== Task inputs ==
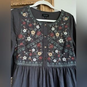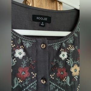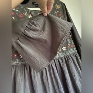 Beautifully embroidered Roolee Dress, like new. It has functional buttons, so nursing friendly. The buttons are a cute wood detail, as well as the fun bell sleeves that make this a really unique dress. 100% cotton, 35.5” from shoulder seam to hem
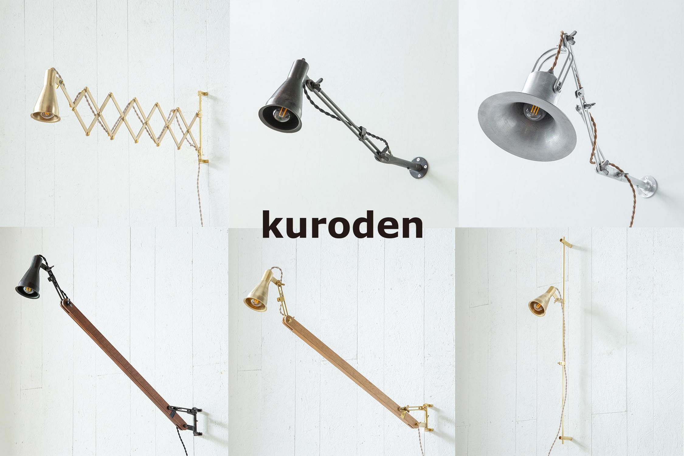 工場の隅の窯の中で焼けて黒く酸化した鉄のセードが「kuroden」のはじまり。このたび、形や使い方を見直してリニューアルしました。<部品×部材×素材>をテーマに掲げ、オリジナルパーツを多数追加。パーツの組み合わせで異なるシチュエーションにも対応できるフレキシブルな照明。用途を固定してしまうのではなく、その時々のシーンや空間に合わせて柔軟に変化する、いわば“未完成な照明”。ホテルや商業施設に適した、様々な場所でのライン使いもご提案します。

--

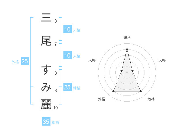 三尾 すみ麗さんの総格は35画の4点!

== The problem ==
Reproduce, word for word, only the lines in the records above from the line with "Beautifully embroidered Roolee" through the line with "工場の隅の窯の中で焼けて黒く", including both ends; omit the pictures.

== Answer to the exercise ==
 Beautifully embroidered Roolee Dress, like new. It has functional buttons, so nursing friendly. The buttons are a cute wood detail, as well as the fun bell sleeves that make this a really unique dress. 100% cotton, 35.5” from shoulder seam to hem
 工場の隅の窯の中で焼けて黒く酸化した鉄のセードが「kuroden」のはじまり。このたび、形や使い方を見直してリニューアルしました。<部品×部材×素材>をテーマに掲げ、オリジナルパーツを多数追加。パーツの組み合わせで異なるシチュエーションにも対応できるフレキシブルな照明。用途を固定してしまうのではなく、その時々のシーンや空間に合わせて柔軟に変化する、いわば“未完成な照明”。ホテルや商業施設に適した、様々な場所でのライン使いもご提案します。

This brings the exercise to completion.